Let’s find some lane lines: Udacity Self-Driving Car Engineer, Course Work

Alexander Stadnikov
6 min readDec 5, 2020

Overview

Recognizing lanes on the road is one of the essential tasks which human drivers perform well. It’s possible because nature with evolution gifted us perfect sensors. Autonomous systems are only at the beginning of their epoch. It’s a non-trivial task for any robot to read and interpret data about the world around them. Computer Vision tries to eliminate the gap between us, humans, and robots.

The goal of the project is to recognize lanes on the road with some limitations:

  • The recognition isn’t real-time.
  • There’re good weather conditions. It’s a sunny day.
  • The car is moving along a straight line on the highway.
  • Lines are visible.
  • The traffic isn’t dense.

The project is a part of Udacity Become a Self-Driving Car Engineer.

The project setup

The project consists of a notebook and assets.

There’re two types of assets — images and pictures. Images are test samples (actually, frames from a video stream) stored in JPEG format with dimensions 960x540 pixels. Video files are in two forms:

  1. Two MPEG-4 with dimensions 960x540 pixels
  2. One MPEG-4 with dimensions 1280x720 pixels

The idea is to implement a pipeline. It will be done in two stages:

  • Recognize lanes on images
  • Recognize lanes on videos

A video stream is just a set of frames. The solution for images will be scaled to be used with videos.

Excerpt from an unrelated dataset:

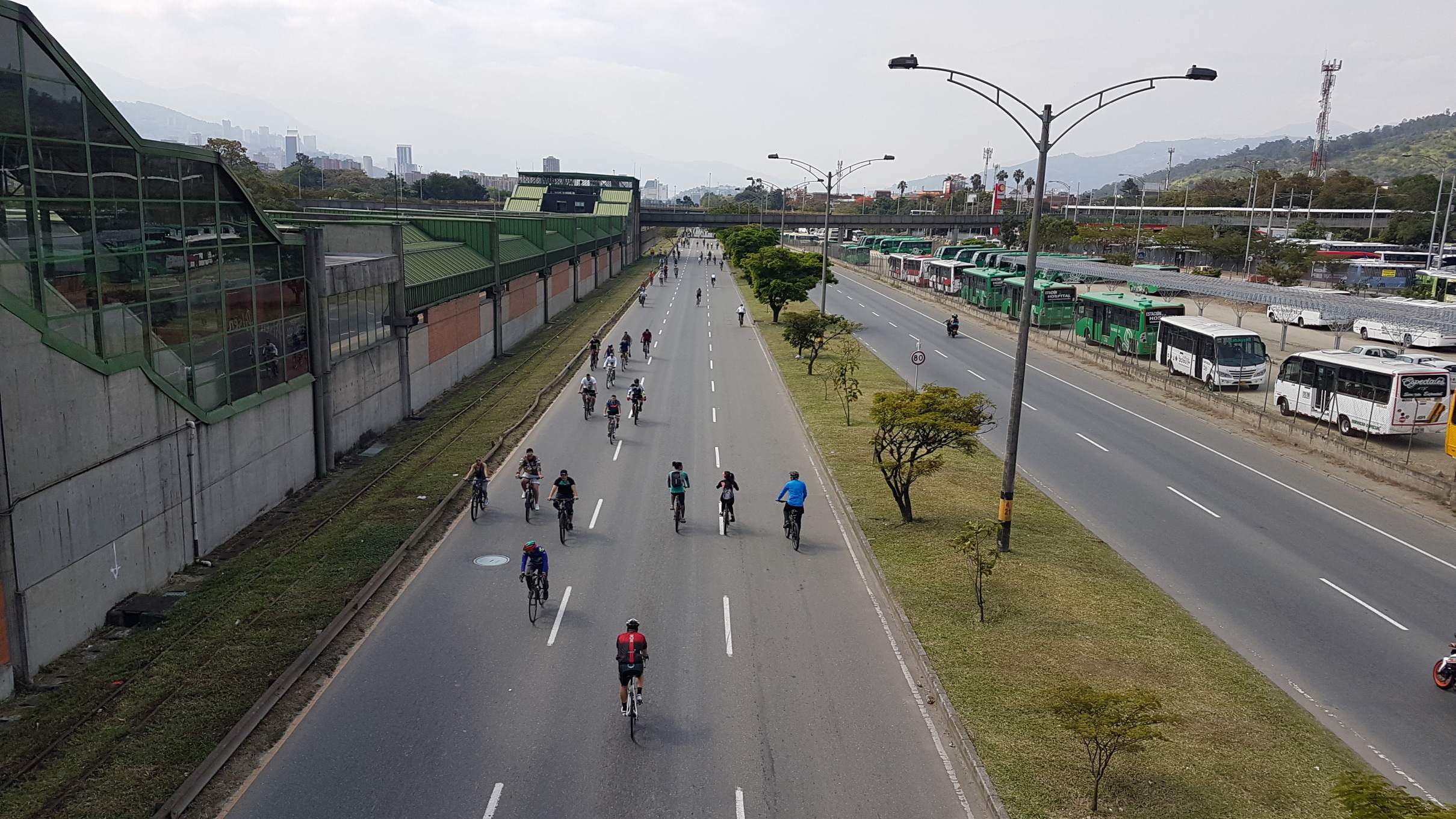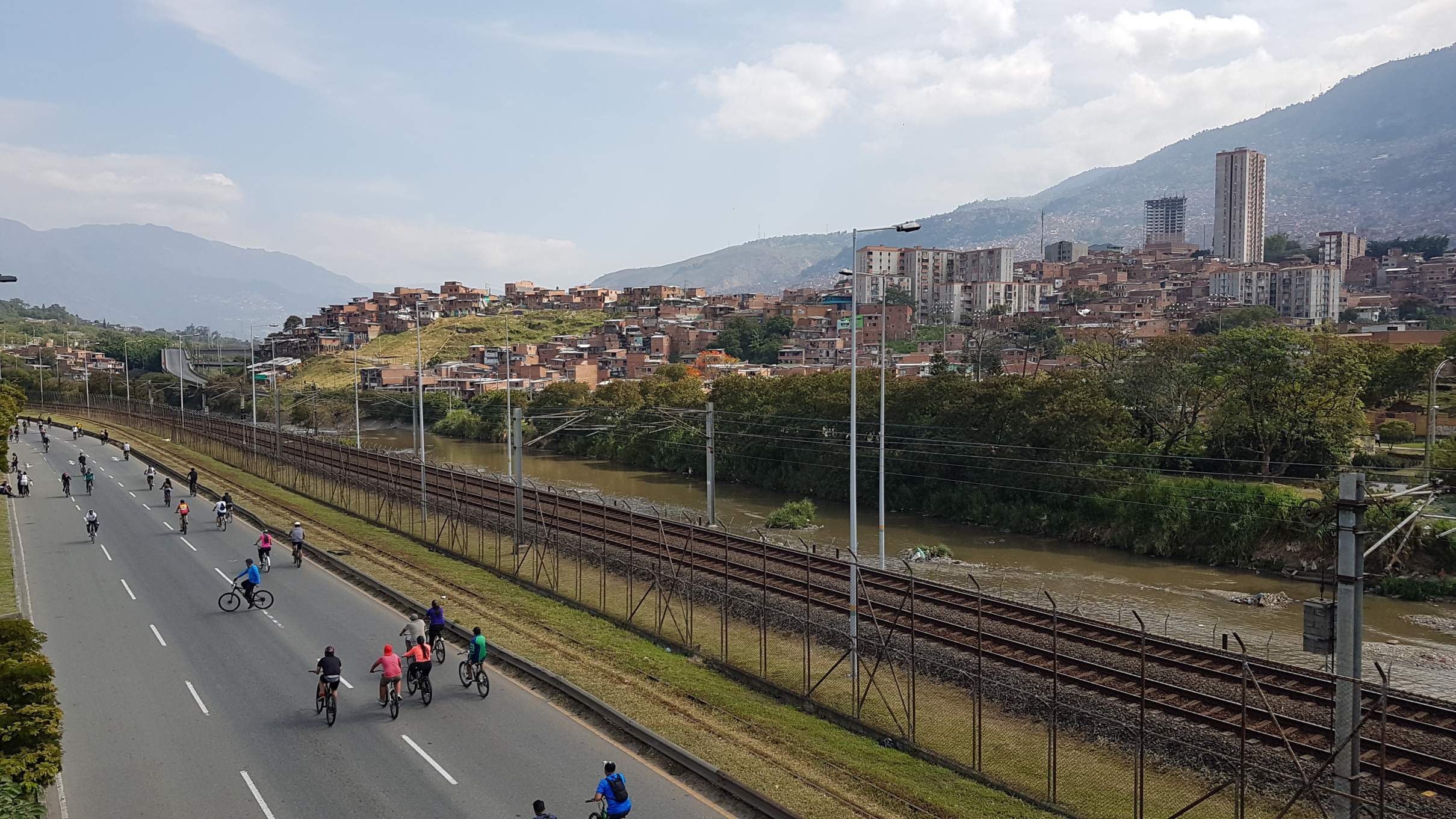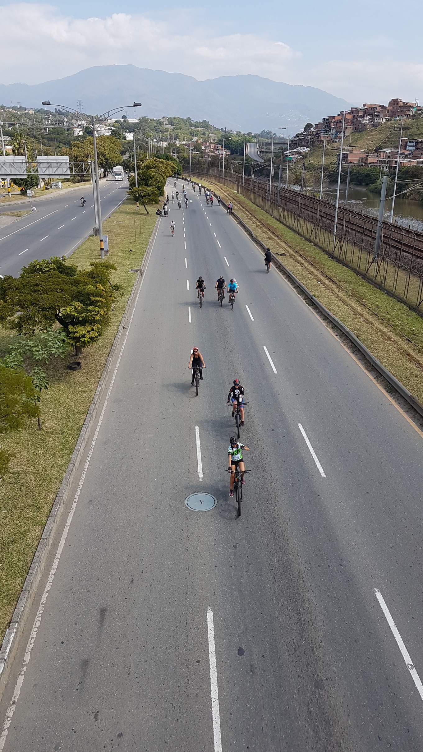 Über eine große Fußgängerbrücke überschreite ich die 6-spurige Einfallstraße nach Medellìn, die heute am Sonntag als Ciclo Vía freigegeben ist. Eine geniale und sehr beliebte Einrichtung in Kolumbiens Großstädten Bogotá und Medellín. Von 7 bis 13 Uhr werden JEDEN Sonntag und Feiertag große Hauptverkehrsstraßen für den Autoverkehr gesperrt. Dann gehören die breiten Straßen allen, die sich ohne Motor fortbewegen. Vom enthusiastischen Rennradfahrer über Inliner- und Tretrollerfahrer bis zum Kinderrad oder Kinderwagen ist alles vertreten und die Kolumbianer nutzen die Gunst der autofreien Stunden.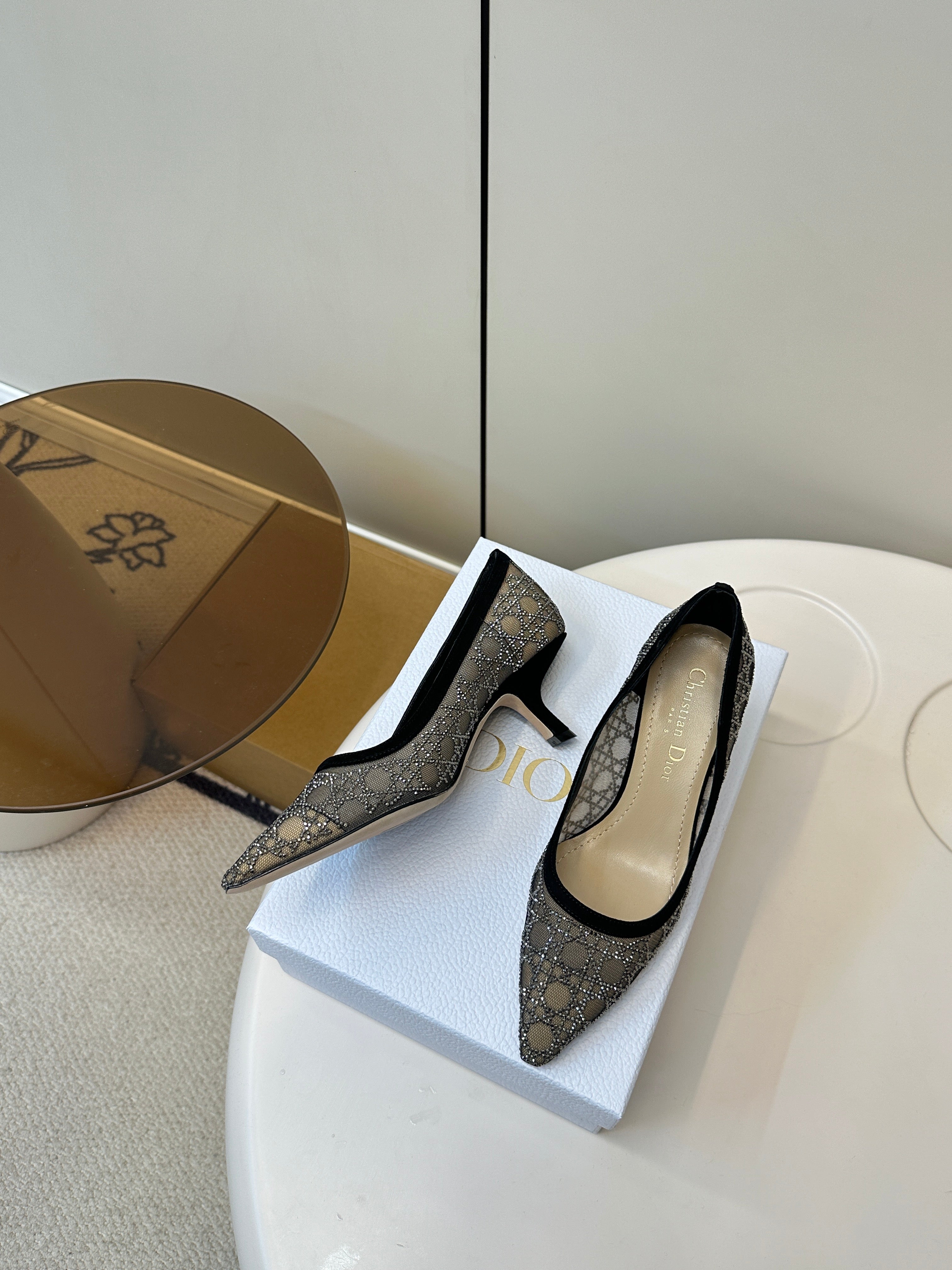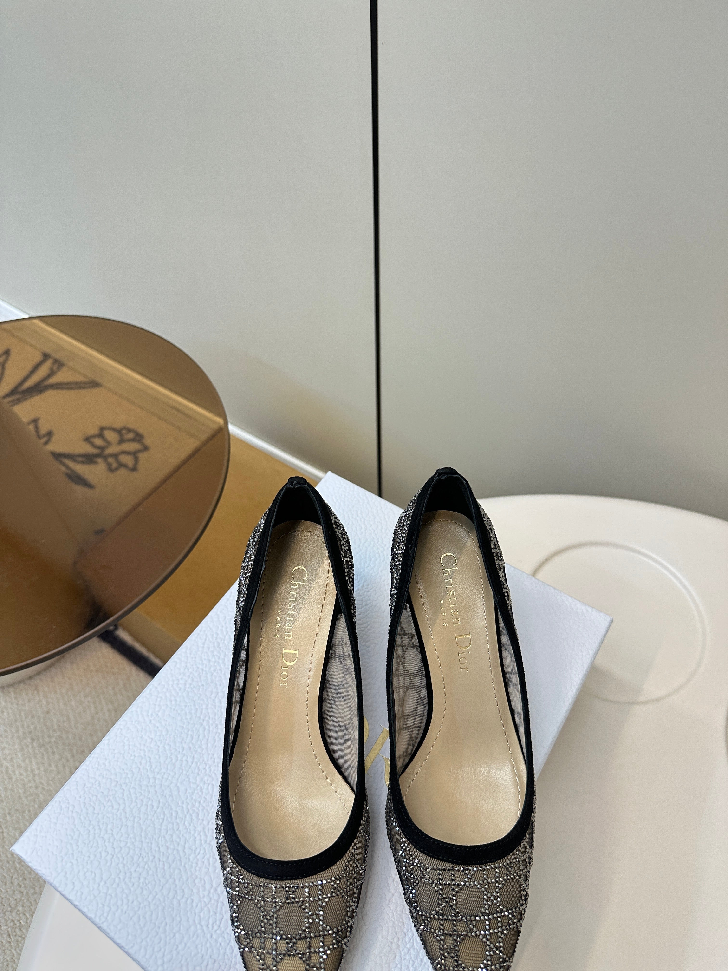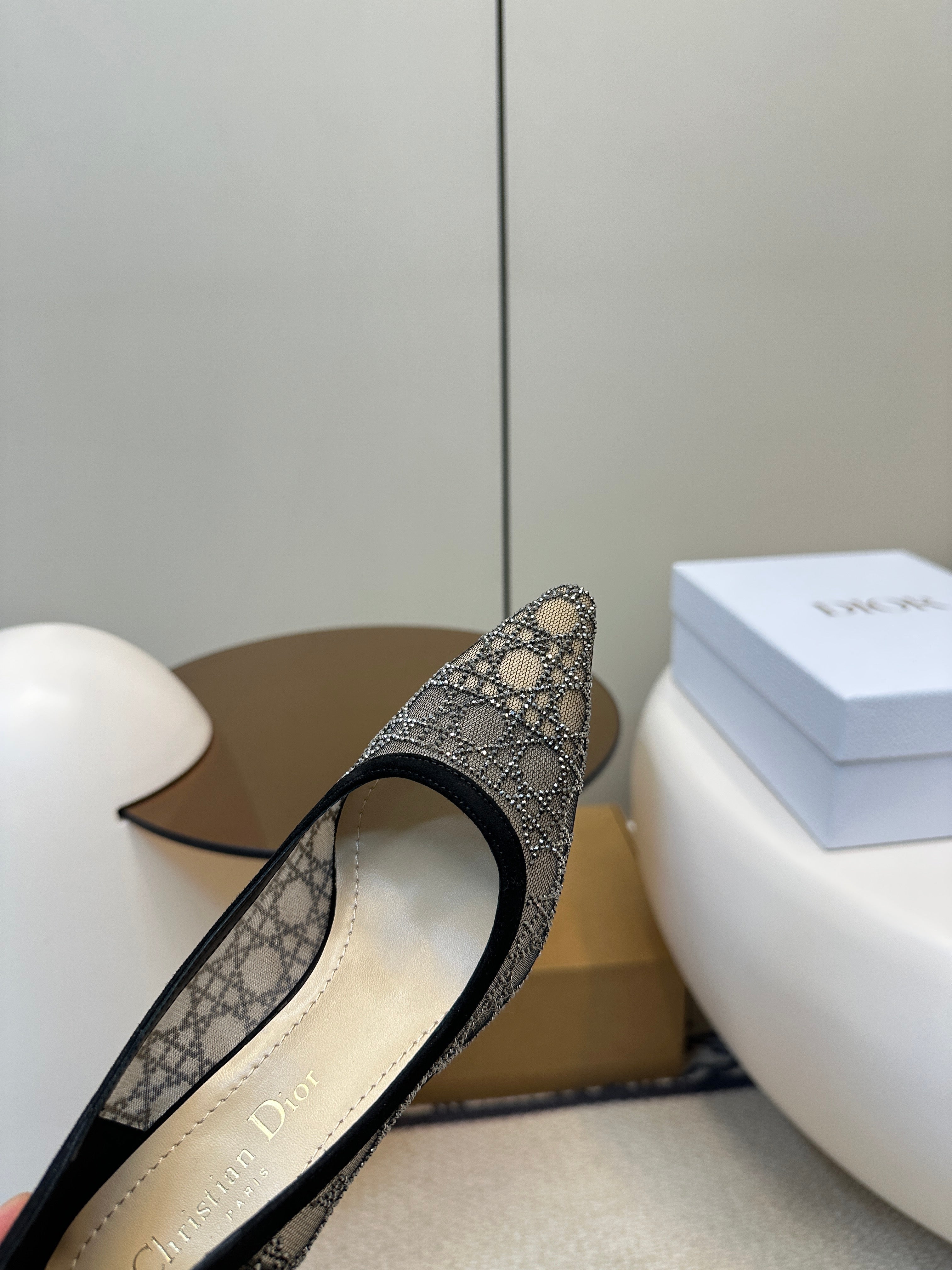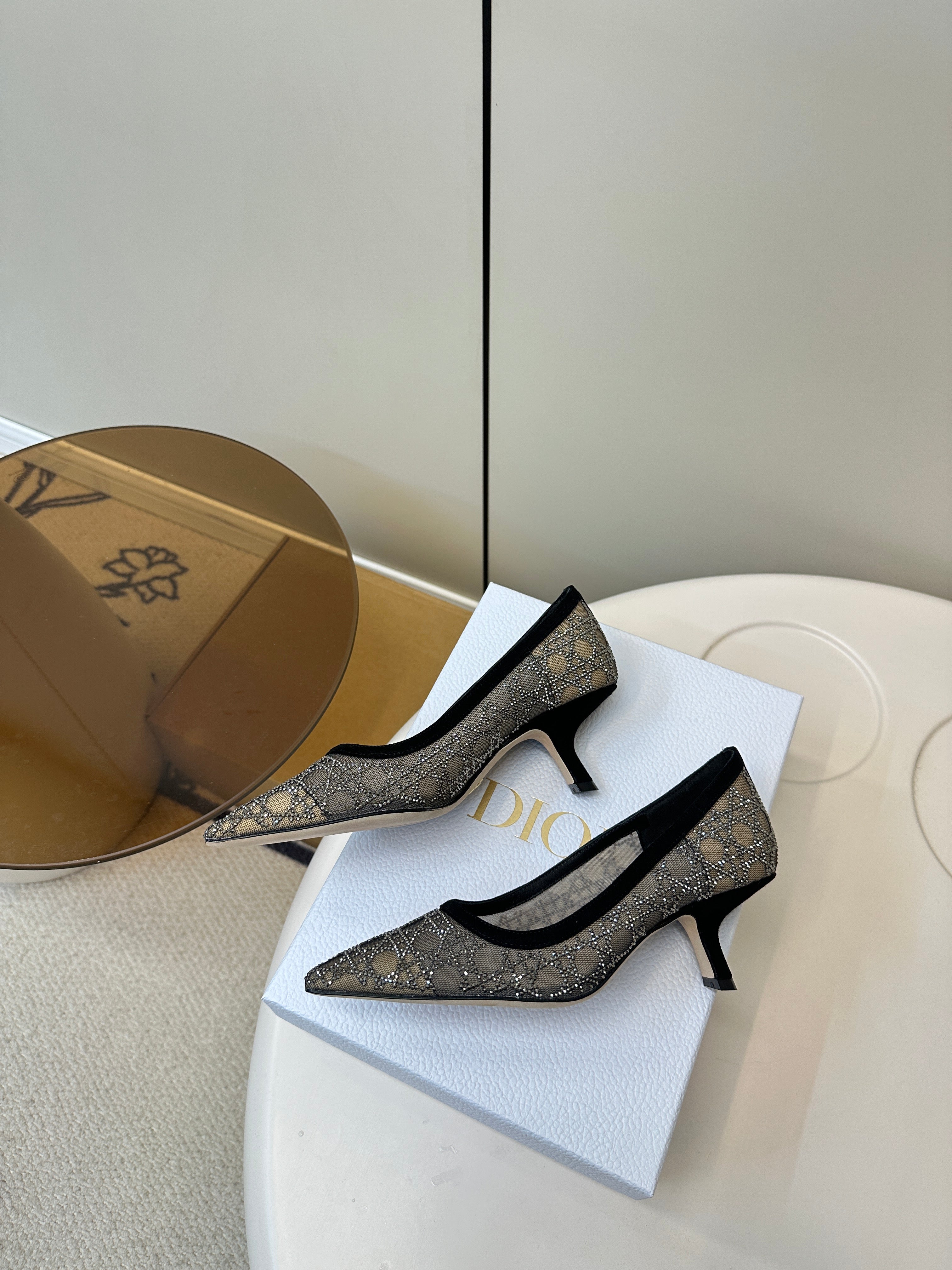 POINTED TOE HEELS 55MM IN BLACK MESH WITH RHINESTONES

I’ll use Python and OpenCV to implement the pipeline. In the code snippets below, I avoid boilerplate code and focus on the most interesting parts. Also, for the post, I prefer to use more readable code; the implementation might differ.

The code is available on GitHub.

Pipeline

The pipeline consists of the next steps:

  • Apply Grayscale Transform
  • Apply Gaussian Blur
  • Detect Canny Edges
  • Filter the uninteresting region out
  • Apply Hough Transform to detect line segments
  • Extrapolate lane lines from line segments
  • Stabilize lane lines
  • Adds overlayed lane lines to the original image

Each step is explained below.

Lanes recognition on images

Consider the next original image:

Test image solidWhiteCurve.jpg

Apply Grayscale Transform

The point is to recognize white and yellow lines. These colors will have high contrast with the road if the image is in grayscale.

We need to load the image and convert it into grayscale:

import matplotlib.image as mpimg
import cv2
import numpy as np
img = mpimg.imread('./test_images/solidWhiteCurve.jpg')
gray = cv2.cvtColor(img, cv2.COLOR_RGB2GRAY)
Grayscale of the original image

Apply Gaussian Blur

The grayscale image has a lot of potential noizes. It’s possible to reduce them with the technic Gaussian Blur. The blur must not be too aggressive: the blur kernel size of 5 is enough for the project.

kernel_size = 5
blur = cv2.GaussianBlur(gray, (kernel_size, kernel_size), 0)
After Gaussian blur applied

Detect Canny Edges

At this step, we recognize lines on the image with the Canny Edge detector. The detector helps to get a set of edges. Edges are just borders between contrasting areas.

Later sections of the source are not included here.